Soaring sea freight difficult to fall back before September

The congestion of ports outside China remained. The transshipment rollover ratio at some large ports extended higher as global container supply chain was hard to cope with the “common congestion”. The shipping schedule of liner was greatly delayed due to disordered logistic supply chain and lower efficiency. The carrier performance has plunged to near 20% from the normal level 70%. The longest detention time of container in the terminal could be 2 months, and it was more common to see containers be rolled over. In some ports, the rollover ratio in April was as high as 64% and that of shipping companies approached as high as 56%.

According to the latest data , mounting rollover ratio of major container ports in April affected near 39% of delivery volume.

The freight rates of near 80% of routes climbed up worldwide. Statistics showed that among the 21 maritime routes worldwide, the freight rate of 16 lines advanced, with the rest 5 witnessing falling rate. Among ports along the “Maritime Silk Road” area, 12 ports saw increasing freight rate. Insiders expected high freight rates may be hard to reduce before Sep.

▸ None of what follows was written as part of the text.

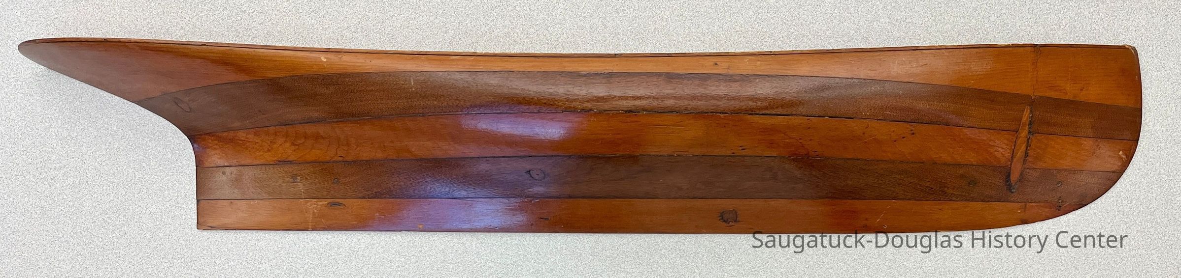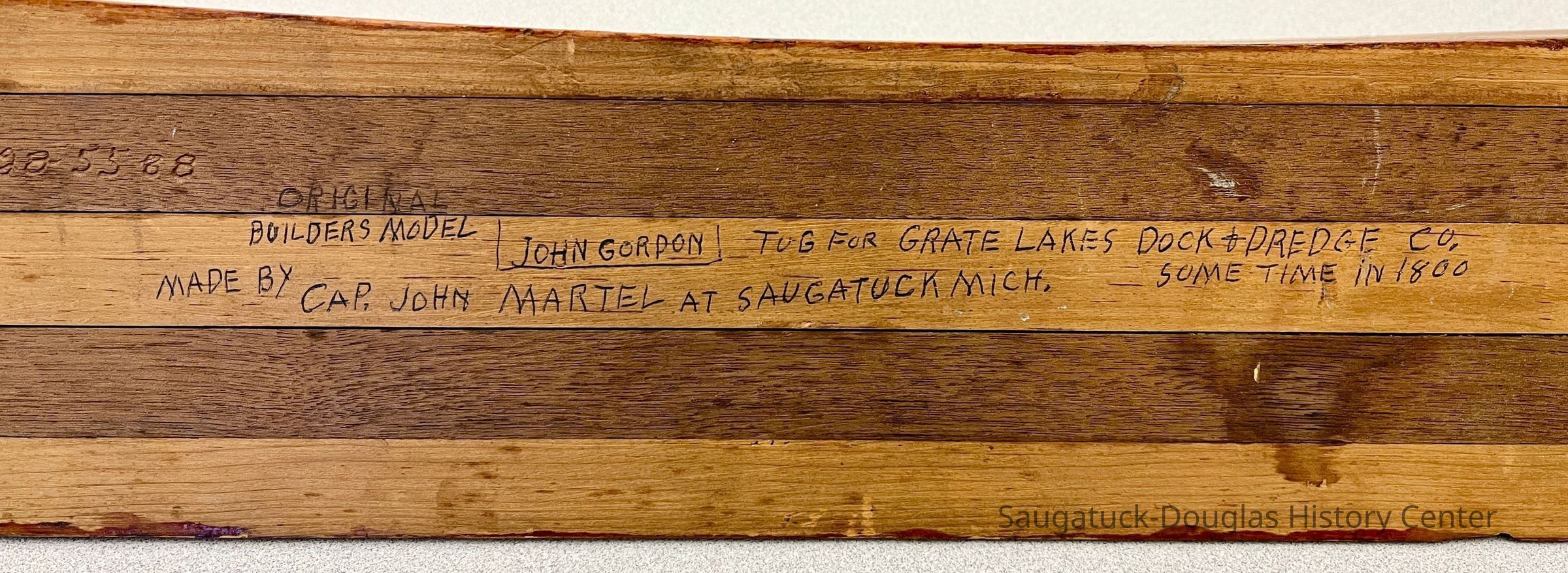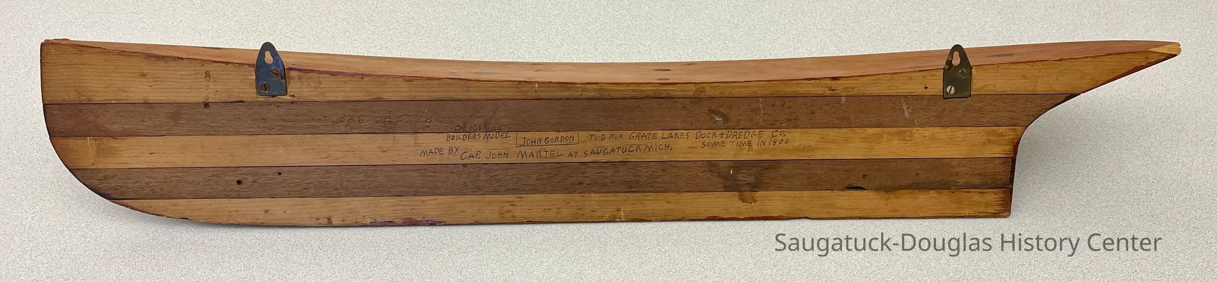 Wooden half-hull ship model for a tug [towboat] named "John Gordon." The model is constructed of slabs of wood. The front is polished to a smooth finish. The back of the model, which includes metal wall hangers, is unfinished and includes notations about the boat and builder.Context

Source: Shanghai Shipping Exchange

The confirmed COVID-19 cases tended to stabilize in Europe. Many nations have carried out eased pandemic prevention measures. That meant better demand for transportation. In addition, the shipping space may be tight in short run affected by the earlier congestion of Suez Canal. The average utilization rate of seats at Shanghai port was near 100%, and the freight rate continued advancing. On May 14, the freight rate from Shanghai to basic ports in Europe was at $5,438/TEU, up by 16.2% from last period. As for the Mediterranean route, similar market fundamentals were seen, with high demand for transportation, near 100% of average utilization rate of seats at Shanghai port and increasing booking price. On May 14, the freight rate from Shanghai to basic ports in Mediterranean was at $5,320/TEU, up by 10.8% from last period.

Source: Shanghai Shipping Exchange

North America route

Source: Shanghai Shipping Exchange

The pandemic continued in US. The new confirmed COVID-19 cases sustained high although the vaccine has been used for a period. Therefore, whether future economy will keep recovering in US remains uncertain. Transportation demand extended high but containers remained short, ending up with tight shipping space on export market. The average utilization rate of seats in W/C America Service and E/C America Service was near 100% at Shanghai port.

According to the latest data from Descartes Datamyne released on May 11, the transportation volume of container from Asia to US surged by 32.1% in Apr compared with the same period of last year. The transportation volume kept growing for consecutively 10 months and hit record high compared with past Aprils.

CIMC, Dongfang International Container (Guangzhou) Co., Ltd and CXIC Group from China produced near 80% of containers in the world. They expressed that production was rising and may increase by 6-8% in 2021 but is still hard to alleviate current shortage of containers.

When will tight containers ease? Tight containers started due to the global blockade on the outbreak of the COVID-19 pandemic. The port congestion was serious in the late 2020 amid hot export, and the earlier congestion of Suez Canal worsened the status. Insiders expected high freight rates may be hard to reduce before Sep.However, it remains uncertain as there are variables in the market.